TASK INSTRUCTIONS: Leave the pictures out. Return all other data exactly.

DATA BELOW:
┄┄┄┄┄┄┄┄┄┄┄┄┄┄┄┄┄┄┄┄

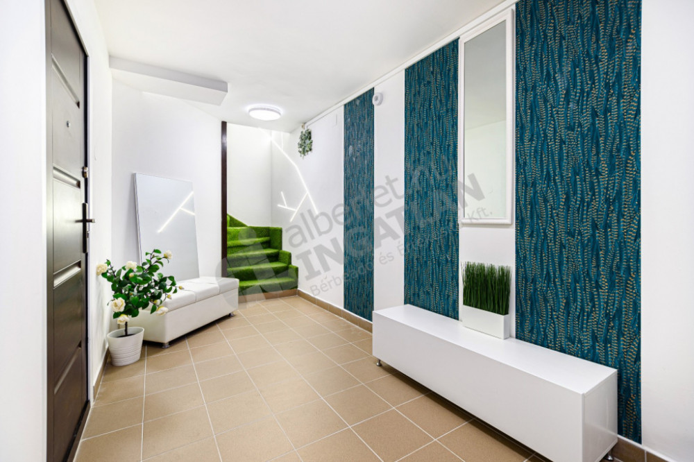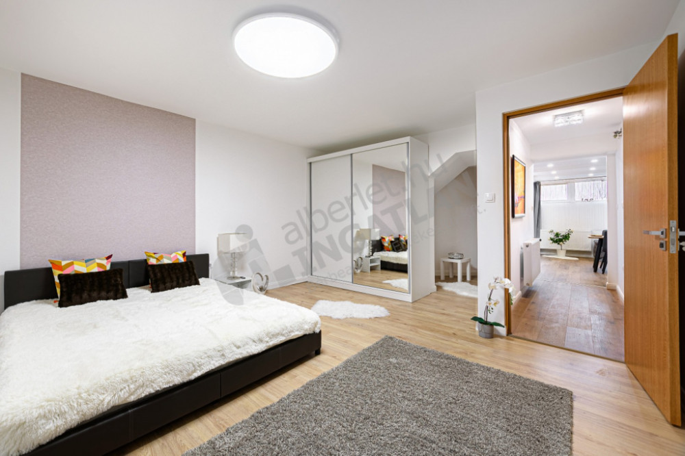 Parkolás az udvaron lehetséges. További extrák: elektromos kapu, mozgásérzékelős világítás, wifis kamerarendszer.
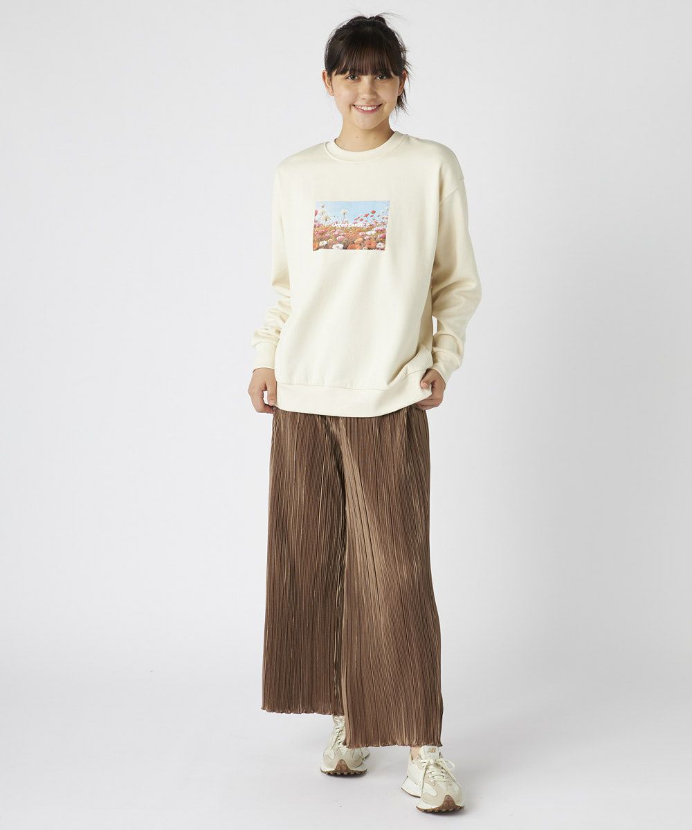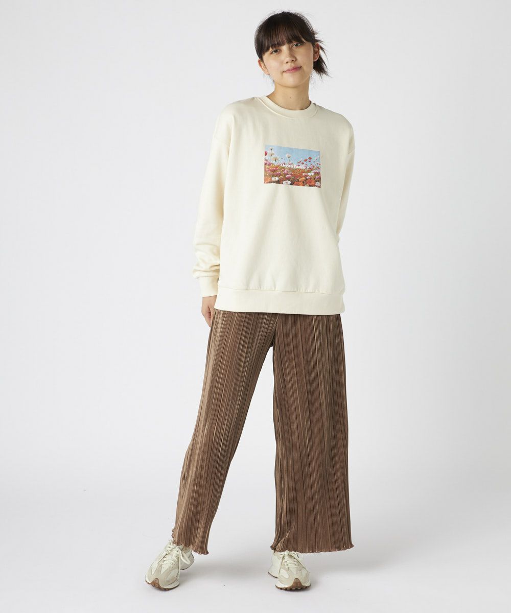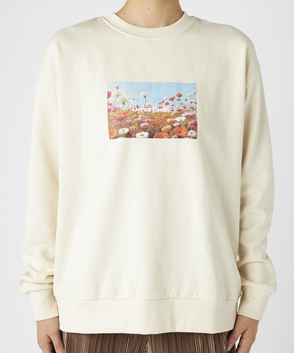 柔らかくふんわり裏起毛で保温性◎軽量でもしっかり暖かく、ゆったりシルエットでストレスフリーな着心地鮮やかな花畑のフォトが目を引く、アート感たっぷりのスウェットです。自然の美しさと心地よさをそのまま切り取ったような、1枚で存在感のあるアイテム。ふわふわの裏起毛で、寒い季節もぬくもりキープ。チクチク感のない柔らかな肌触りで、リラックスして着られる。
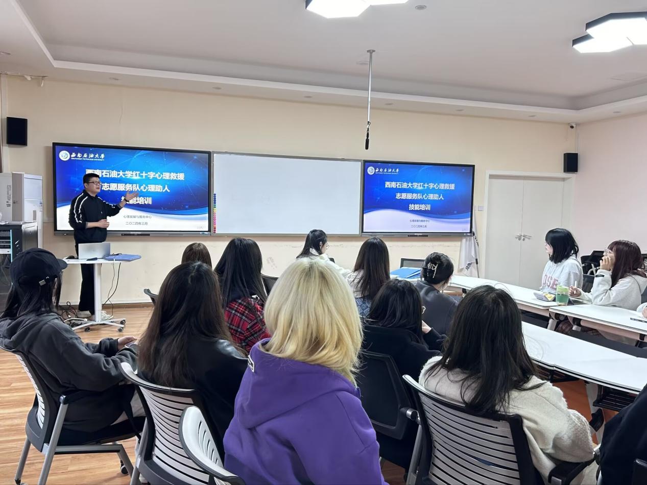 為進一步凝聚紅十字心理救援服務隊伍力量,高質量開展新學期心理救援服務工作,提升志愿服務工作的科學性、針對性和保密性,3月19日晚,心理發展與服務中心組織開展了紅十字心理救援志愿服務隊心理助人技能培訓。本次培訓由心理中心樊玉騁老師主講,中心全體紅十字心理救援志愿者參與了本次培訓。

┄┄┄┄┄┄┄┄┄┄┄┄┄┄┄┄┄┄┄┄

YOUR SOLUTION:
 Parkolás az udvaron lehetséges. További extrák: elektromos kapu, mozgásérzékelős világítás, wifis kamerarendszer.
 柔らかくふんわり裏起毛で保温性◎軽量でもしっかり暖かく、ゆったりシルエットでストレスフリーな着心地鮮やかな花畑のフォトが目を引く、アート感たっぷりのスウェットです。自然の美しさと心地よさをそのまま切り取ったような、1枚で存在感のあるアイテム。ふわふわの裏起毛で、寒い季節もぬくもりキープ。チクチク感のない柔らかな肌触りで、リラックスして着られる。
 為進一步凝聚紅十字心理救援服務隊伍力量,高質量開展新學期心理救援服務工作,提升志愿服務工作的科學性、針對性和保密性,3月19日晚,心理發展與服務中心組織開展了紅十字心理救援志愿服務隊心理助人技能培訓。本次培訓由心理中心樊玉騁老師主講,中心全體紅十字心理救援志愿者參與了本次培訓。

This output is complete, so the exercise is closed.